● Task goal:
Write out every entry precisely as given, leaving the pictures out.

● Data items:
* * * *

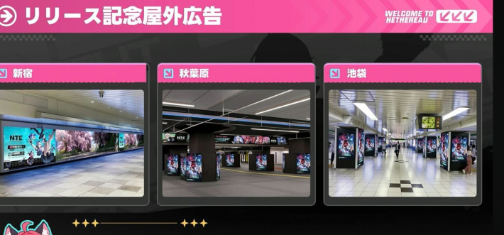 Large-scale outdoor advertisements are planned for Shinjuku, Shibuya, Ikebukuro, Akihabara, and Dotonbori.
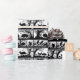 Altmodische elegante Schwarzweiss-Geschenkverpackung in einer eleganten bayerischen, deutschen Art. Basiert auf Silhouetteillustrationen von einer antiken München-Zeitschrift, von einem traditionellen Jäger oder vom Muster des DraußenMans der wilden Tiere im Wald.
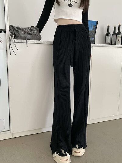 ワイドパンツ レディース パンツ ボトムス ニット ニットパンツ 裾フリンジ 秋 冬 ロング ロングパンツ 長ズボン ウエストゴム フレアパンツ 秋冬 あったか 大人 おしゃれ 無地 美脚 あったか
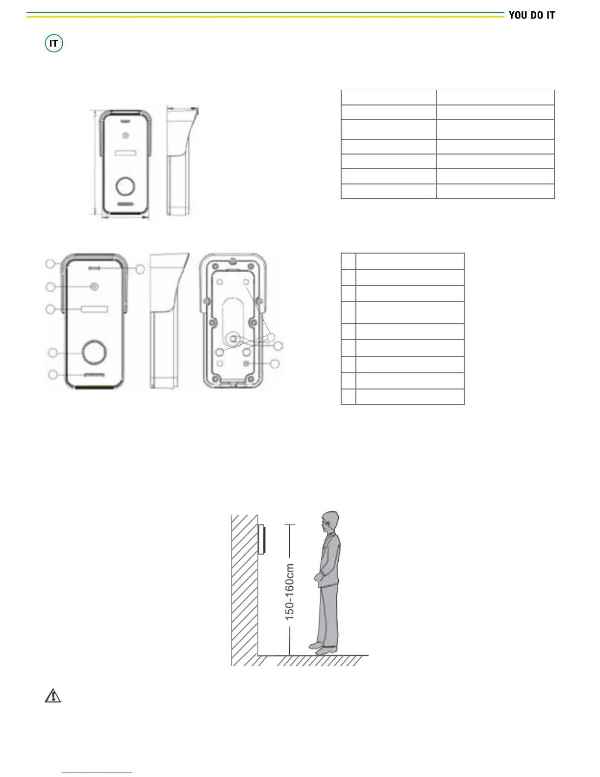 * Si consiglia l’installazione del posto esterno ad un’altezza di 150-160 cm
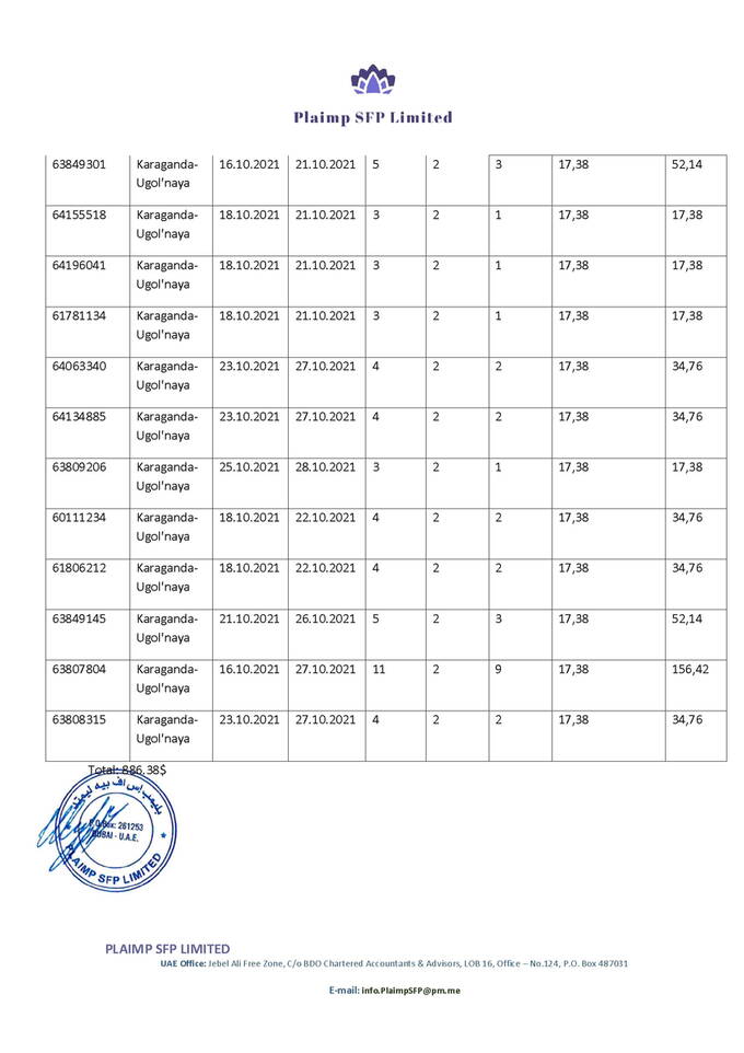 Также обращает на себя внимание счет Plaimp SFP Limited, выставленный на HAMPTON RESOURCES LIMITED – компанию, входящую в орбиту казахской компании ТОО EximArtis.
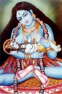 2. Tara - die Mitfühlende - die Schwangerschaft: Auf dem ersten Blick erkennt man kaum einen Unterschied zwischen Tara und Kali. Im folgenden Bild trägt sie Schwert, Messer, Schädelschale und blauen Lotus. Sie ist mit Schlangen, Kette und Krone aus Totenschädeln und einem Tigerfell geschmückt. Ihre Zunge leckt nach Blut, um sie herum brennen Leichenfeuer, und auch sie wird von Shiva getragen, der noch wie leblos am Boden liegt. Ihre Brüste sind prall und ihr Bauch dick. Letzteres ist ein besonderes Zeichen von ihr und deutet auf die Geburt von neuem Leben hin, wie auch der Lotus als Symbol der Schöpfung. So könnte man auch sagen, Tara steht am Anfang des Lebens und Kali am Ende. Damit wären sie zwei Aspekte von dem dunklen, ungreifbaren Punkt, wo sich Tod und Geburt treffen und sich der Lebenskreis schließt.

* * * *

● Response for this exercise:
 Large-scale outdoor advertisements are planned for Shinjuku, Shibuya, Ikebukuro, Akihabara, and Dotonbori.
 Altmodische elegante Schwarzweiss-Geschenkverpackung in einer eleganten bayerischen, deutschen Art. Basiert auf Silhouetteillustrationen von einer antiken München-Zeitschrift, von einem traditionellen Jäger oder vom Muster des DraußenMans der wilden Tiere im Wald.
 ワイドパンツ レディース パンツ ボトムス ニット ニットパンツ 裾フリンジ 秋 冬 ロング ロングパンツ 長ズボン ウエストゴム フレアパンツ 秋冬 あったか 大人 おしゃれ 無地 美脚 あったか
 * Si consiglia l’installazione del posto esterno ad un’altezza di 150-160 cm
 Также обращает на себя внимание счет Plaimp SFP Limited, выставленный на HAMPTON RESOURCES LIMITED – компанию, входящую в орбиту казахской компании ТОО EximArtis.
 2. Tara - die Mitfühlende - die Schwangerschaft: Auf dem ersten Blick erkennt man kaum einen Unterschied zwischen Tara und Kali. Im folgenden Bild trägt sie Schwert, Messer, Schädelschale und blauen Lotus. Sie ist mit Schlangen, Kette und Krone aus Totenschädeln und einem Tigerfell geschmückt. Ihre Zunge leckt nach Blut, um sie herum brennen Leichenfeuer, und auch sie wird von Shiva getragen, der noch wie leblos am Boden liegt. Ihre Brüste sind prall und ihr Bauch dick. Letzteres ist ein besonderes Zeichen von ihr und deutet auf die Geburt von neuem Leben hin, wie auch der Lotus als Symbol der Schöpfung. So könnte man auch sagen, Tara steht am Anfang des Lebens und Kali am Ende. Damit wären sie zwei Aspekte von dem dunklen, ungreifbaren Punkt, wo sich Tod und Geburt treffen und sich der Lebenskreis schließt.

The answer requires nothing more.